This is all documented in this comment in the same Github issue in the minikube repo that was linked to above, kubernetes/minikube issue #2027: dnsmasq pod CrashLoopBackOff.

AWS + byok8s Workflow

Now that the k8s cluster is running successfully, run the example byok8s workflow in the test/ directory of the byok8s repository (assuming you cloned the repo to ~/byok8s, and are in the same virtual environment as before):

# Return to our virtual environment
cd ~/2019-snakemake-byok8s/test/
source vp/bin/activate

# Verify k8s is running
minikube status

# Export AWS keys for Snakemake
export AWS_ACCESS_KEY_ID="XXXXX"
export AWS_SECRET_ACCESS_KEY="XXXXX"

# Run byok8s
byok8s workflow-alpha params-blue --s3-bucket=mah-bukkit 

The bucket you specify must be created in advance and be writable by the account whose credentials you are passing in via environment variables.

When you do all of this, you should see the job running, then exiting successfully:

$ byok8s --s3-bucket=cmr-0123 -f workflow-alpha params-blue
--------
details!
    snakefile: /home/ubuntu/2019-snakemake-byok8s/test/Snakefile
    config: /home/ubuntu/2019-snakemake-byok8s/test/workflow-alpha.json
    params: /home/ubuntu/2019-snakemake-byok8s/test/params-blue.json
    target: target1
    k8s namespace: default
--------
Building DAG of jobs...
Using shell: /bin/bash
Provided cores: 1
Rules claiming more threads will be scaled down.
Job counts:
    count   jobs
    1   target1
    1
Resources before job selection: {'_cores': 1, '_nodes': 9223372036854775807}
Ready jobs (1):
    target1
Selected jobs (1):
    target1
Resources after job selection: {'_cores': 0, '_nodes': 9223372036854775806}

[Mon Jan 28 18:06:08 2019]
rule target1:
    output: cmr-0123/alpha.txt
    jobid: 0

echo alpha blue > cmr-0123/alpha.txt
Get status with:
kubectl describe pod snakejob-e585b53f-f9d5-5142-ac50-af5a0d532e85
kubectl logs snakejob-e585b53f-f9d5-5142-ac50-af5a0d532e85
Checking status for pod snakejob-e585b53f-f9d5-5142-ac50-af5a0d532e85
[Mon Jan 28 18:06:18 2019]
Finished job 0.
1 of 1 steps (100%) done
Complete log: /home/ubuntu/2019-snakemake-byok8s/test/.snakemake/log/2019-01-28T180607.988313.snakemake.log
unlocking
removing lock
removing lock
removed all locks

Woo hoo!
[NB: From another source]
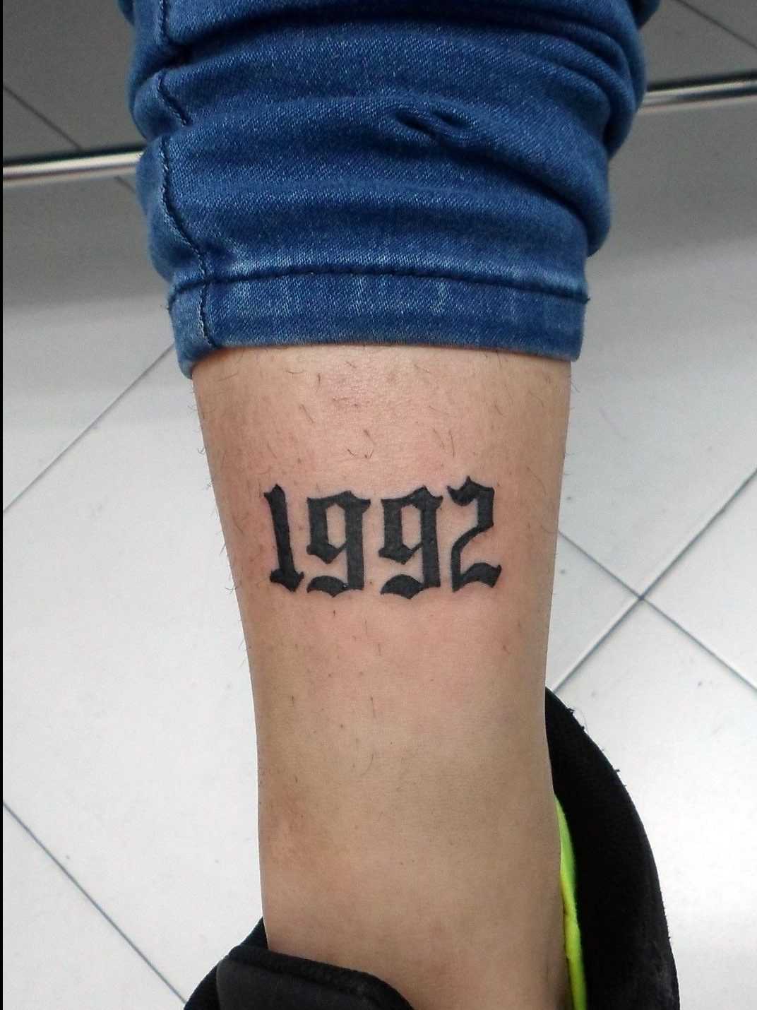 Татуировка даты римскими цифрами с короной на ноге — фото

You've successfully run a Snakemake workflow on a virtual Kubernetes cluster!

Travis

Like running minikube on an AWS node, running minikube on Travis workers also suffers from DNS issues. Fortunately, Github user LiliC worked out how to run minikube on Travis, and importantly, did so for multiple versions of minikube and kubernetes.

The relevant .travis.yml file is available in the LiliC/travis-minikube repo on Github.

We ended up using the minikube-30-kube-1.12 branch of LiliC/travis-minikube, which used the most up-to-date version of minikube and kubernetes available in that repo. The .travis.yml file provided by LiliC on that branch is here.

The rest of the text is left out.